• **Your instructions**: Apart from the images, repeat the data below exactly as written.

• **Data provided**:
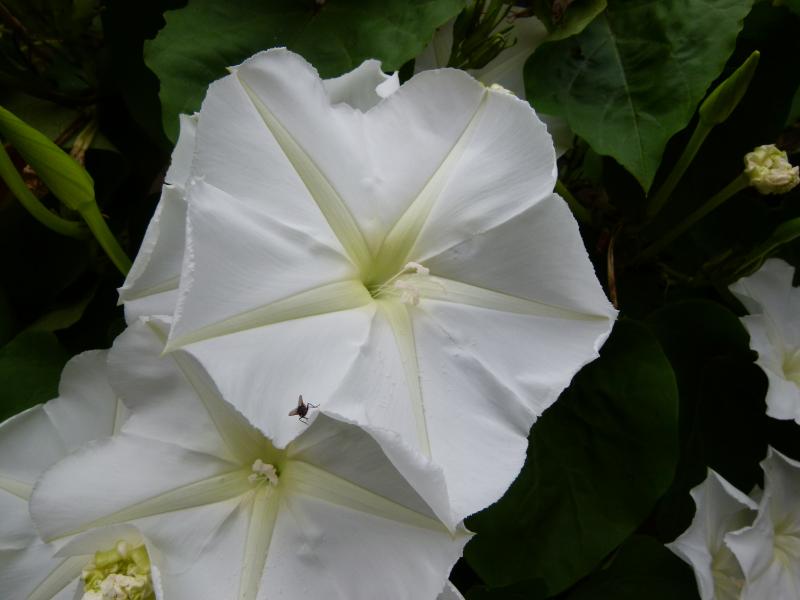 ja, das ist eine andere Art, Calonyction album, mehrjährig (überwintern als Steckling), Blüten viel größer als I. purpurea und mit einer ganz langen Kronröhre (durch Schwärmer bestäubt). Die Büten öffnen sich abends (man kann zusehen, die öffenen sich bei Wärme ganz fix) und verblühen am Morgen. Und sie duftet sehr stark.
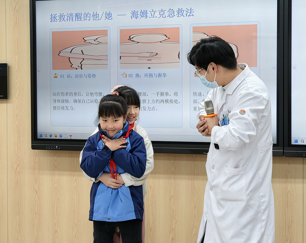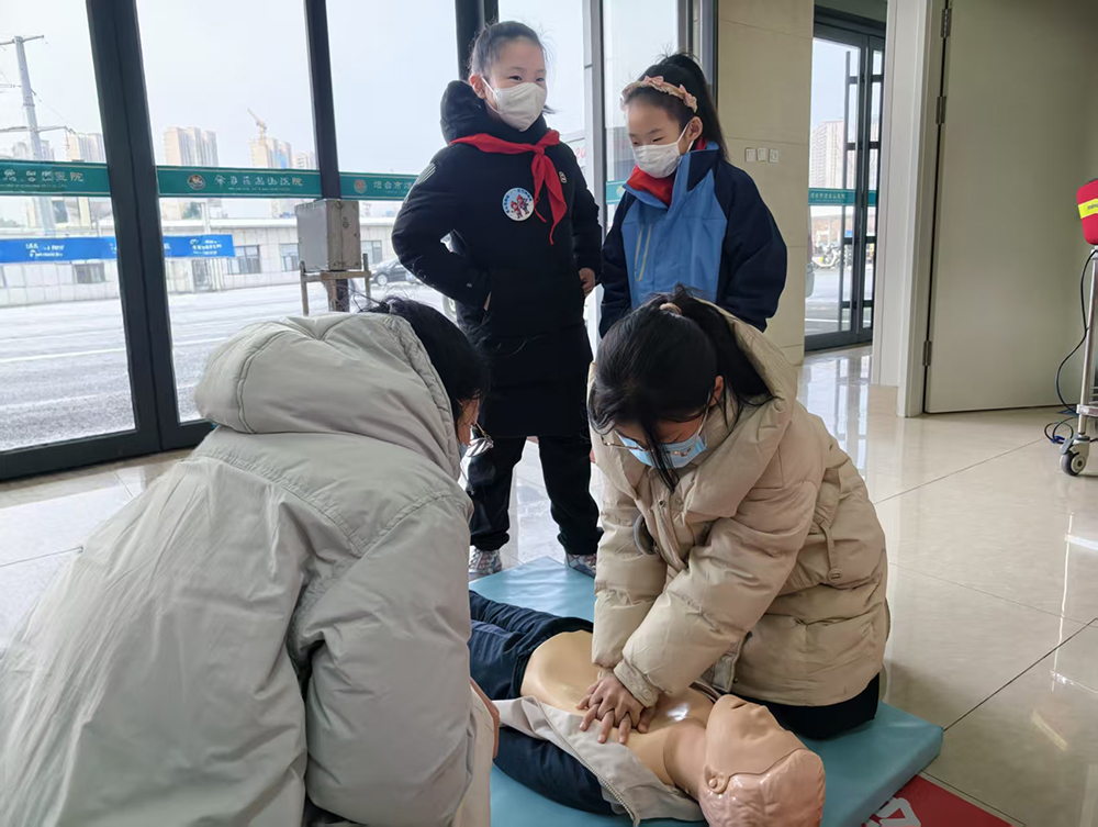 “少年急診特訓(xùn)”成為本次冬令營的熱門環(huán)節(jié),孩子們認(rèn)真學(xué)習(xí)撥打120的正確方式、海姆立克急救法和心肺復(fù)蘇操作技巧,在模擬道具上反復(fù)練習(xí),并初步掌握胸外按壓的力度和頻率。隨后,孩子們走進(jìn)救護(hù)車、搶救室和狂犬病暴露預(yù)防處置門診,近距離觀察急救器械配備,學(xué)習(xí)動物致傷后的傷口處理和疫苗接種知識,將實(shí)用急救技能一應(yīng)收入囊中。
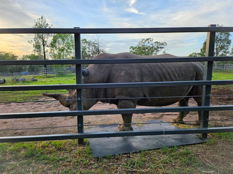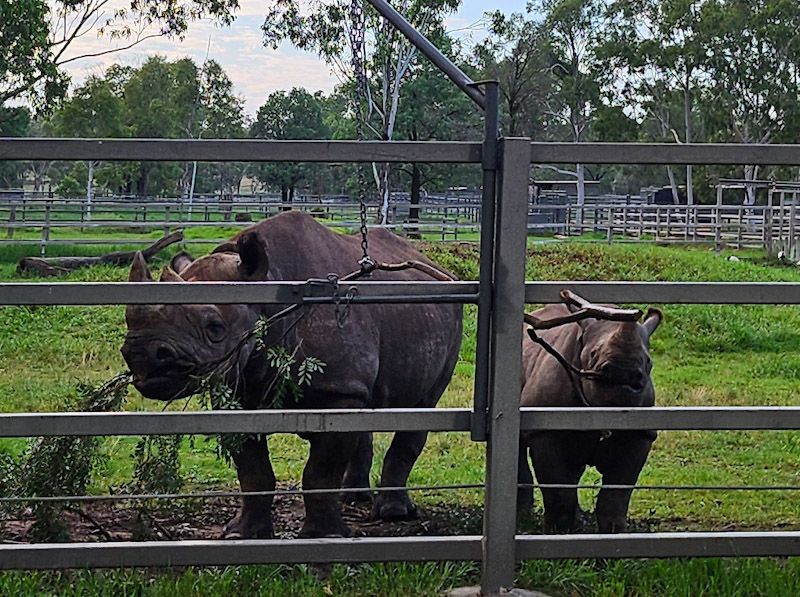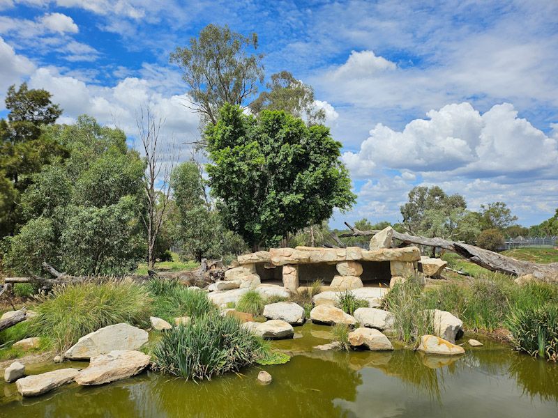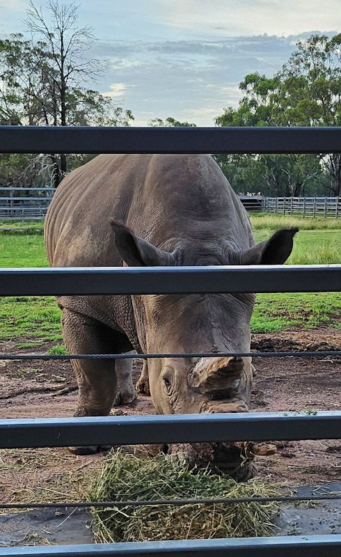 Iväg till Dubbo Western Plains Zoo där vi ska bo över natten. 33 grader varmt, tryckande värme. Så skönt efter Sydneys 20 grader och duggregn.
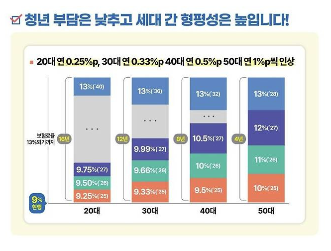 현행 9%인 납입료가 2025년 부터 다계적으로 13%까지 인상된다는 내용입니다.

• **Response area**:
 ja, das ist eine andere Art, Calonyction album, mehrjährig (überwintern als Steckling), Blüten viel größer als I. purpurea und mit einer ganz langen Kronröhre (durch Schwärmer bestäubt). Die Büten öffnen sich abends (man kann zusehen, die öffenen sich bei Wärme ganz fix) und verblühen am Morgen. Und sie duftet sehr stark.
 “少年急診特訓(xùn)”成為本次冬令營的熱門環(huán)節(jié),孩子們認(rèn)真學(xué)習(xí)撥打120的正確方式、海姆立克急救法和心肺復(fù)蘇操作技巧,在模擬道具上反復(fù)練習(xí),并初步掌握胸外按壓的力度和頻率。隨后,孩子們走進(jìn)救護(hù)車、搶救室和狂犬病暴露預(yù)防處置門診,近距離觀察急救器械配備,學(xué)習(xí)動物致傷后的傷口處理和疫苗接種知識,將實(shí)用急救技能一應(yīng)收入囊中。
 Iväg till Dubbo Western Plains Zoo där vi ska bo över natten. 33 grader varmt, tryckande värme. Så skönt efter Sydneys 20 grader och duggregn.
 현행 9%인 납입료가 2025년 부터 다계적으로 13%까지 인상된다는 내용입니다.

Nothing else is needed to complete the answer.